• _Problem to work on_
Please repeat word for word the line containing "[프레스뉴스] 장현준 기자= 시흥시(시장" and every following line up to and including the last one below, pictures excluded.

[Data entries]

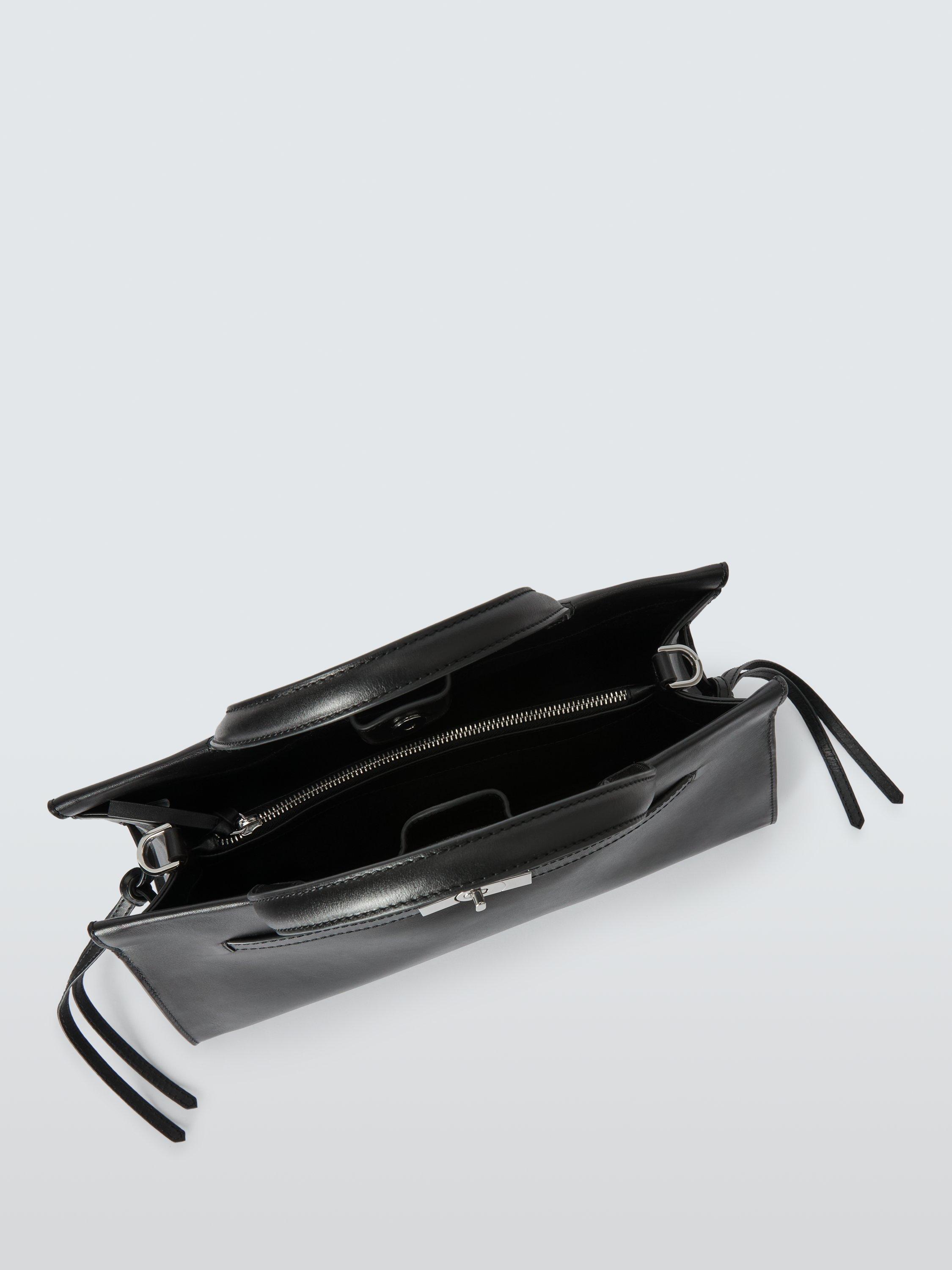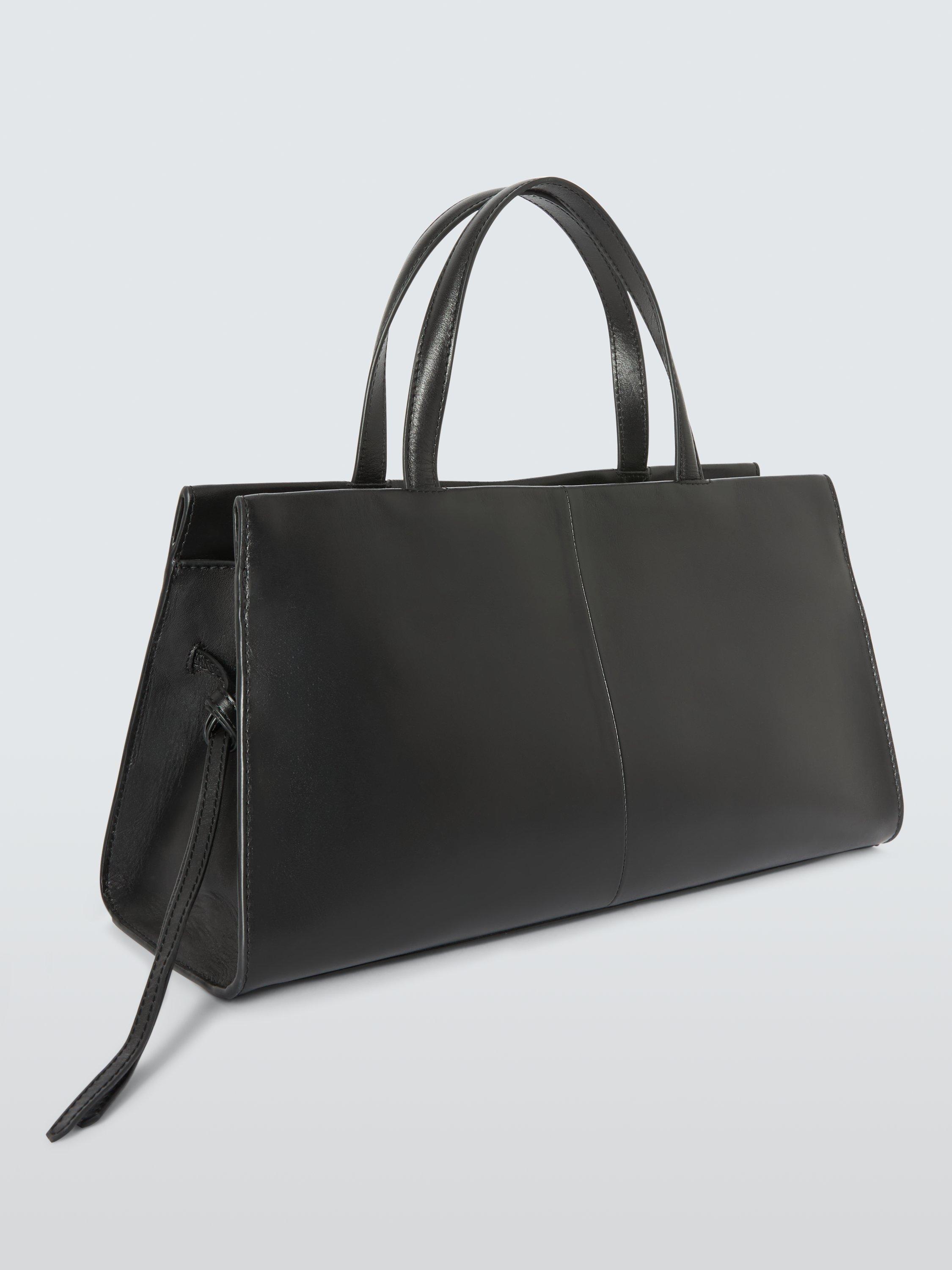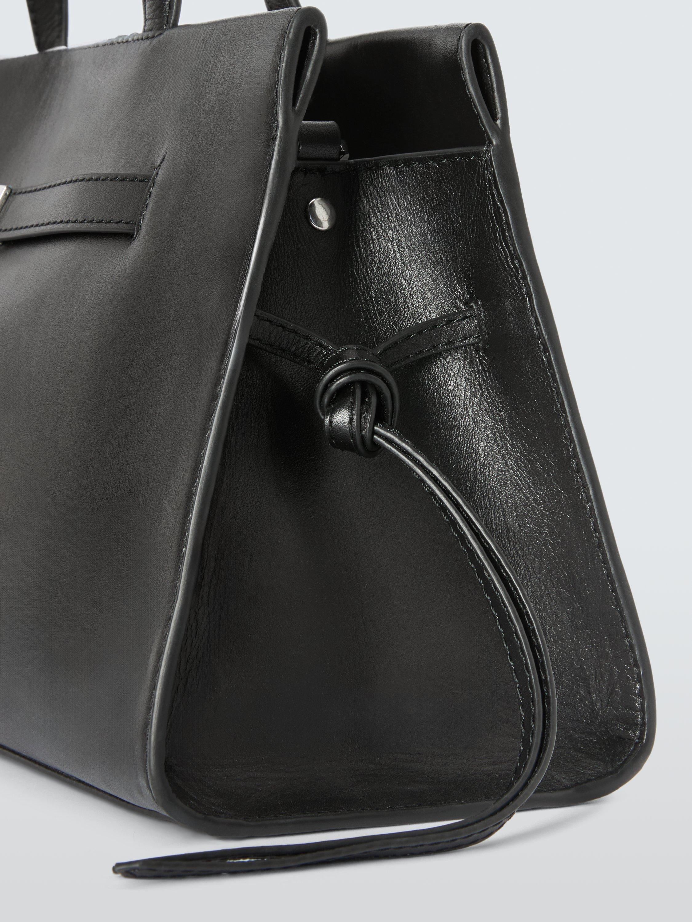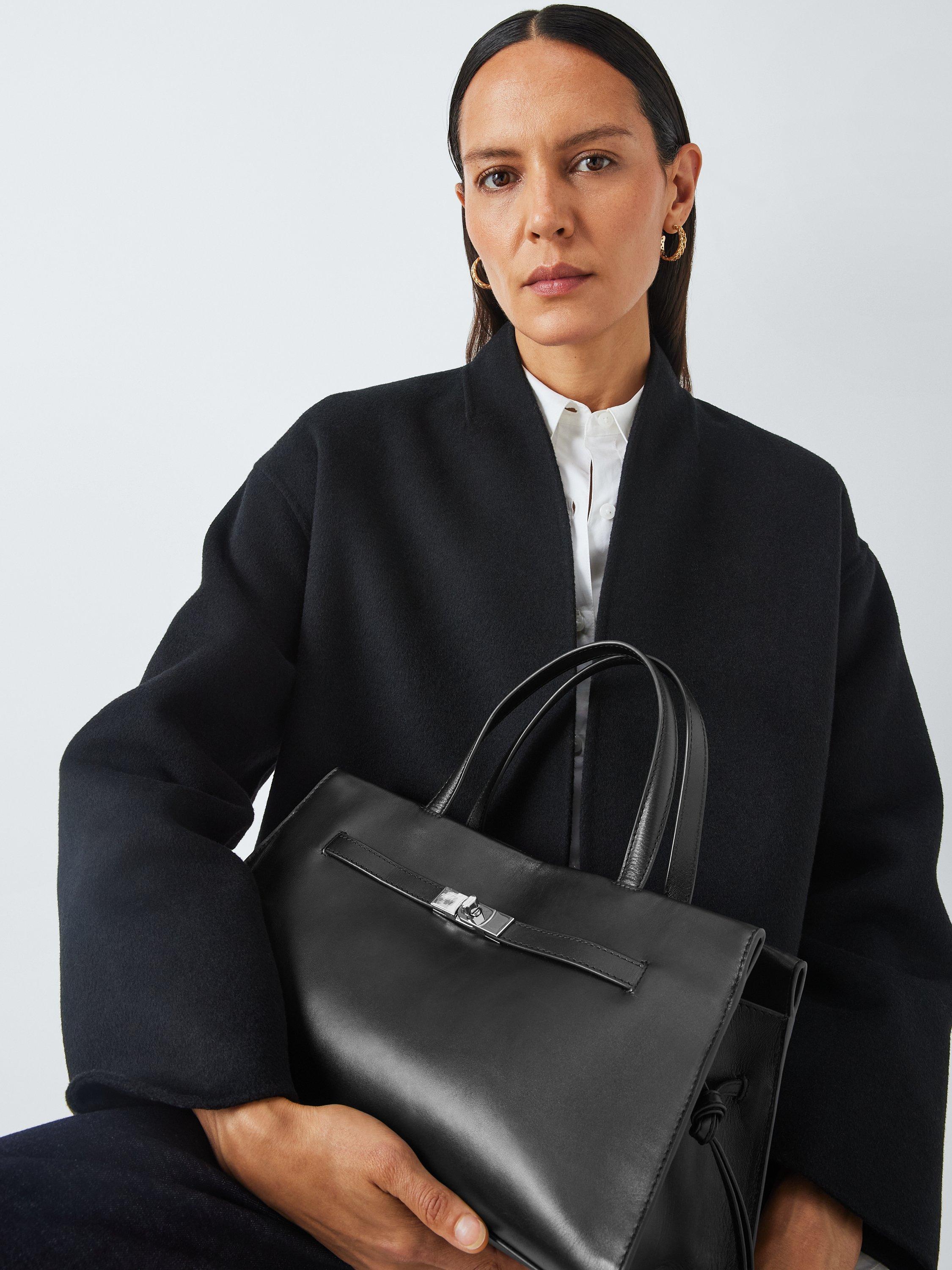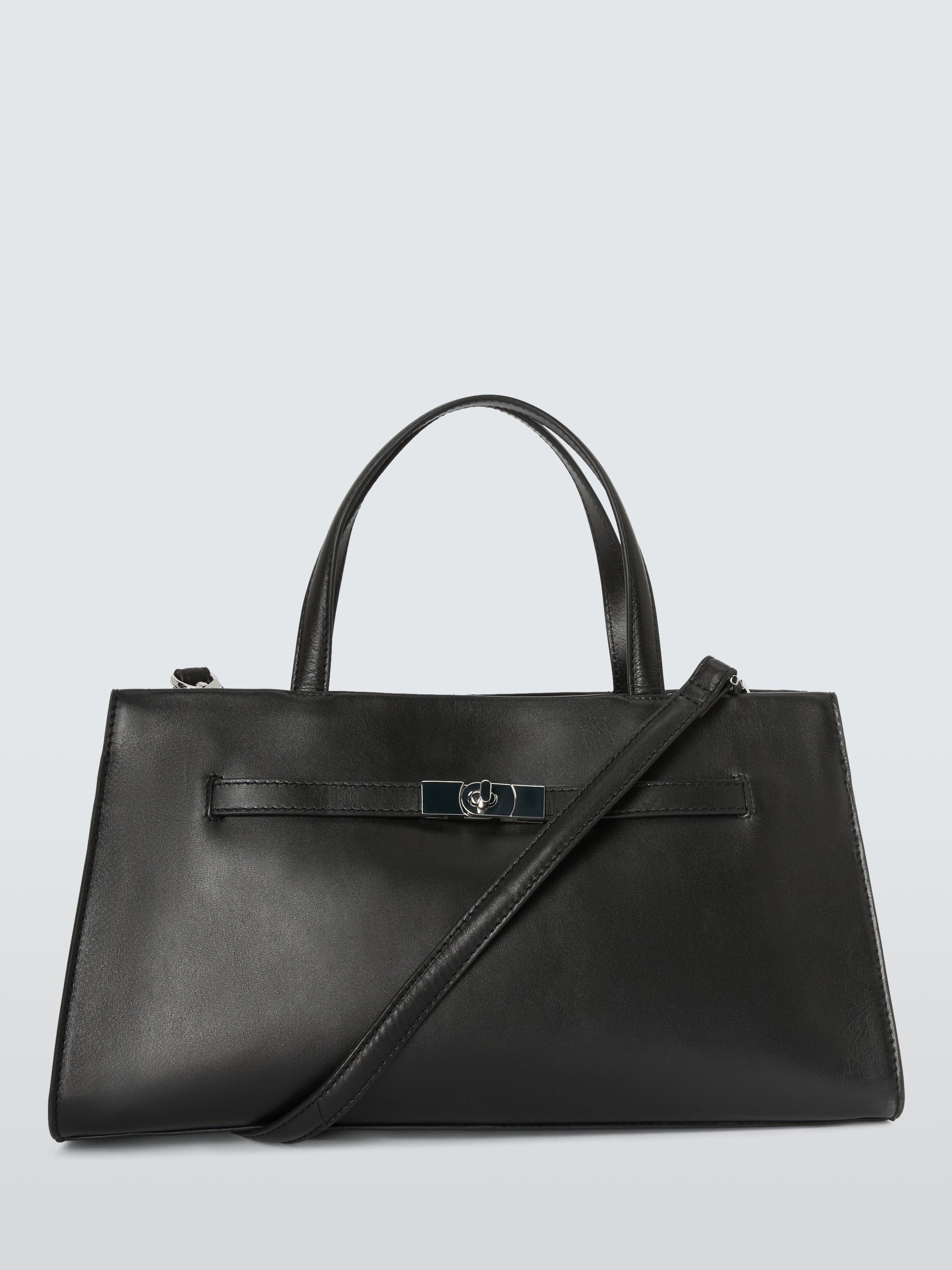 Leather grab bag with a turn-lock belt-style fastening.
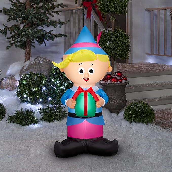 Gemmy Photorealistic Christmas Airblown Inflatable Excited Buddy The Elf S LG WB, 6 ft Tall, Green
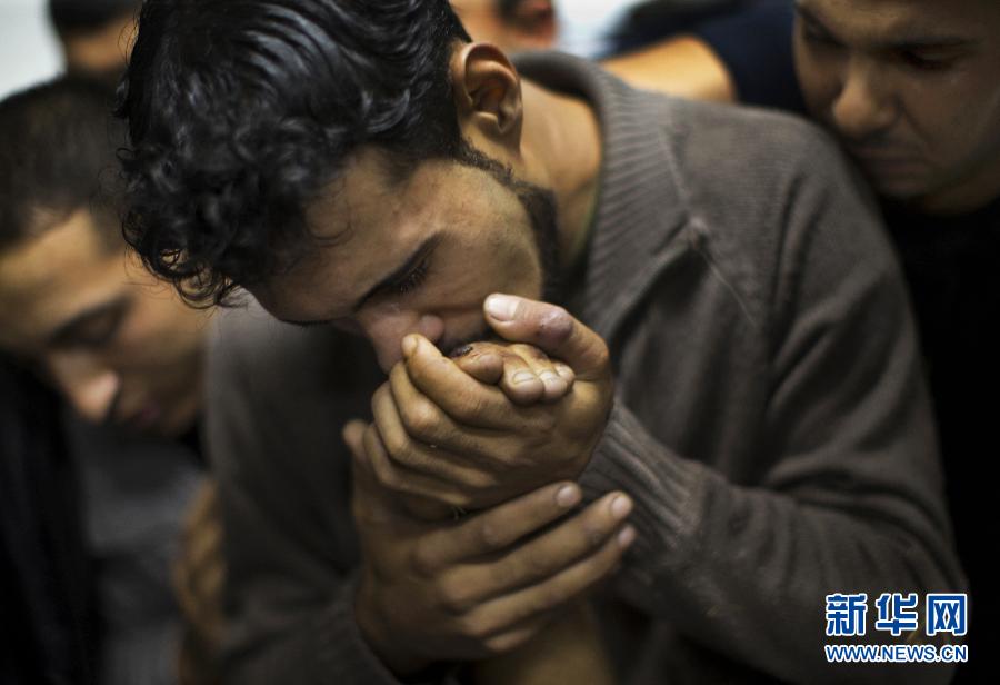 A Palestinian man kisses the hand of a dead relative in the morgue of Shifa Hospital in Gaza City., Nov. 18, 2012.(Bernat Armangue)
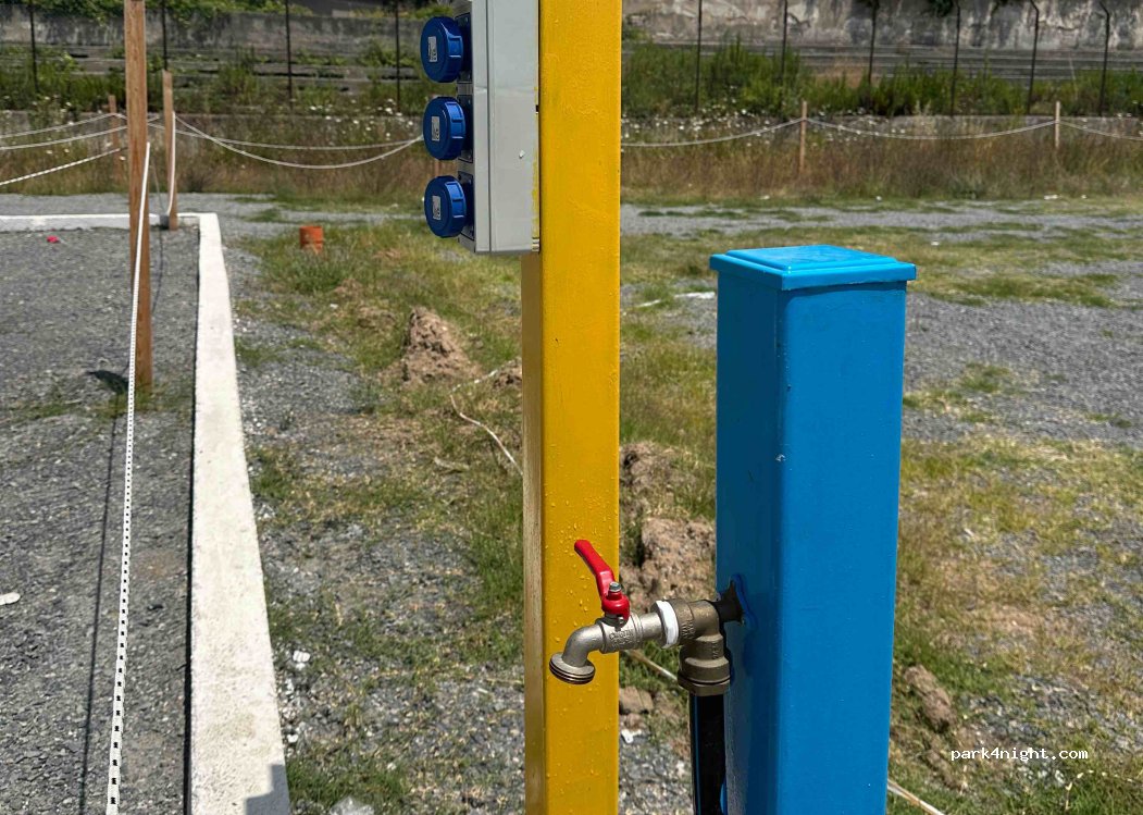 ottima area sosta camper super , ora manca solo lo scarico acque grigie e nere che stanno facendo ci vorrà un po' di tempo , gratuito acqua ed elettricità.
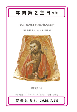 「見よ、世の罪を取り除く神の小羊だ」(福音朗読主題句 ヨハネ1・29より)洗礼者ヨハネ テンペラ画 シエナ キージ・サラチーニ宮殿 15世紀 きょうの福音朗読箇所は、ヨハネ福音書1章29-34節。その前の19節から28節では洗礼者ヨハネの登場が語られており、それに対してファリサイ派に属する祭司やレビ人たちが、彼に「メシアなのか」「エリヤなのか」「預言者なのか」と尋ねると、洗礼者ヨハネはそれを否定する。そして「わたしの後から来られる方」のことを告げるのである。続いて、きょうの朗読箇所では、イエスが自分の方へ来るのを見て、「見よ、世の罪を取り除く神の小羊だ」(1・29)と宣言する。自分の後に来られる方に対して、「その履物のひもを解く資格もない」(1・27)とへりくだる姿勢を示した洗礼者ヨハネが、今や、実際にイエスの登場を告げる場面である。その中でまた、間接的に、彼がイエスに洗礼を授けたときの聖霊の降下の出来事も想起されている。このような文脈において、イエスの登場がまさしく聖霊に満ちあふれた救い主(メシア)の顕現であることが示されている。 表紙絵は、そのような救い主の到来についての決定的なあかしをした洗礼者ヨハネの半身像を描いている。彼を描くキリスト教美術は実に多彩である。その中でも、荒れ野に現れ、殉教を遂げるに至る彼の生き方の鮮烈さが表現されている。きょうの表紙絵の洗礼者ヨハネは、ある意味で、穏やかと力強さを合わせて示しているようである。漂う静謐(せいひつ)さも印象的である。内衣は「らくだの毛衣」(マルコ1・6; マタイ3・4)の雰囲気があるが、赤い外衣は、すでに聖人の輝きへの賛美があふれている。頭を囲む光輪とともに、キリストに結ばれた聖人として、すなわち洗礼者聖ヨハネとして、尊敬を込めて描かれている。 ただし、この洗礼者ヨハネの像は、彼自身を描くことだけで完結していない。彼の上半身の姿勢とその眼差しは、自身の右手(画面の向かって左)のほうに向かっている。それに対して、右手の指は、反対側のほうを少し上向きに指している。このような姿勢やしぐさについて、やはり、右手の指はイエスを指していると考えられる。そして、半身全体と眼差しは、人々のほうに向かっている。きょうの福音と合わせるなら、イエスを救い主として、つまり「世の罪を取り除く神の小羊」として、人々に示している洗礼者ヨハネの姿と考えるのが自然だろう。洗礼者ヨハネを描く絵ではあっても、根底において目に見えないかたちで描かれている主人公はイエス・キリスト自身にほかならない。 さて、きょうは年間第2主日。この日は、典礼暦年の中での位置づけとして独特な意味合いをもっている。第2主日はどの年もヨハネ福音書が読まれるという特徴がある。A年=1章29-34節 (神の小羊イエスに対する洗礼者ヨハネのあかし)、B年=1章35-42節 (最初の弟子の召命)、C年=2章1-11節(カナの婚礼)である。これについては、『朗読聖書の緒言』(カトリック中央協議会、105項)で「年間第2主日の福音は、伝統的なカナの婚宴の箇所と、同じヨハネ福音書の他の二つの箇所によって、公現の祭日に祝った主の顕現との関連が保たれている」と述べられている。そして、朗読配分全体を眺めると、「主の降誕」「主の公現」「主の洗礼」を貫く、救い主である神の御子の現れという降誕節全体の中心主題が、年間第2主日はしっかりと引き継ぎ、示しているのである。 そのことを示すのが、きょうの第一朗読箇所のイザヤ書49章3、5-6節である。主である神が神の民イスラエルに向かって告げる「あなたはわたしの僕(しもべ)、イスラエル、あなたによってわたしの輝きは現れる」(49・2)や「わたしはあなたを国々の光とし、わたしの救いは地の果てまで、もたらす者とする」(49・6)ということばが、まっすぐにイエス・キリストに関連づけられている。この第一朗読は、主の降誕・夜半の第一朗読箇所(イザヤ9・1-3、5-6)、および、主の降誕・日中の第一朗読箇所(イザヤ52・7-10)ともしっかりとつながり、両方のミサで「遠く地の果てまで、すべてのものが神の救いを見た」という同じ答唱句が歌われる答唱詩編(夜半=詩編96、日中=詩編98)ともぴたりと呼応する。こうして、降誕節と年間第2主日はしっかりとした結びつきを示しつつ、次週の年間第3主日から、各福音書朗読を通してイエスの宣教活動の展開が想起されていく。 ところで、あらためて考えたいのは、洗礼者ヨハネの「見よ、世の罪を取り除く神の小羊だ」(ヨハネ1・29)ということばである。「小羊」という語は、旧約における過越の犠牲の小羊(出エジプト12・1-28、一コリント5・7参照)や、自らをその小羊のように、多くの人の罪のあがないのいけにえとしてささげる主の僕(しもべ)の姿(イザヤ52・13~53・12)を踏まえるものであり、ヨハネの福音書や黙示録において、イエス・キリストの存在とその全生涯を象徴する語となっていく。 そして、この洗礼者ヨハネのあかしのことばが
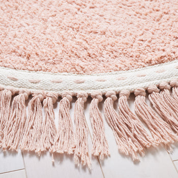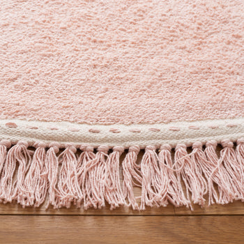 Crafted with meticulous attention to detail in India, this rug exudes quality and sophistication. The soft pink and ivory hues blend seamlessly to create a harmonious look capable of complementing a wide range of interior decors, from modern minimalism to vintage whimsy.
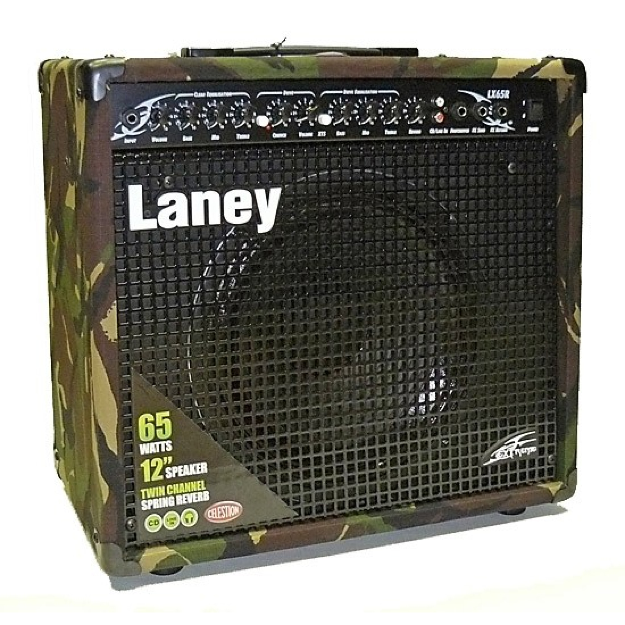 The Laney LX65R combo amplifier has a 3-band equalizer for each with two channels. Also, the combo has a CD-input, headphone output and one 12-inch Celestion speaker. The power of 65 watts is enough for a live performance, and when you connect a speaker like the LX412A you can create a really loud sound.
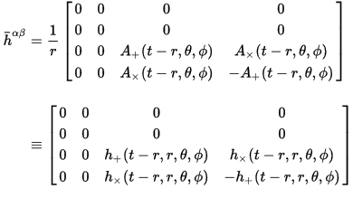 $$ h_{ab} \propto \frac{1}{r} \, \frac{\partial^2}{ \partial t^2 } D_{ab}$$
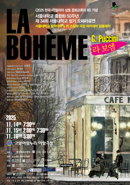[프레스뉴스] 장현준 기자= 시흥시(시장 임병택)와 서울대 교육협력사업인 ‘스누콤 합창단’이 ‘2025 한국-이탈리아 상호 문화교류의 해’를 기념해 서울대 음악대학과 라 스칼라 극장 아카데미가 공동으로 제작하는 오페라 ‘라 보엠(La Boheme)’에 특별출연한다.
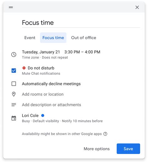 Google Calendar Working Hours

• _Worked solution_
[프레스뉴스] 장현준 기자= 시흥시(시장 임병택)와 서울대 교육협력사업인 ‘스누콤 합창단’이 ‘2025 한국-이탈리아 상호 문화교류의 해’를 기념해 서울대 음악대학과 라 스칼라 극장 아카데미가 공동으로 제작하는 오페라 ‘라 보엠(La Boheme)’에 특별출연한다.
 Google Calendar Working Hours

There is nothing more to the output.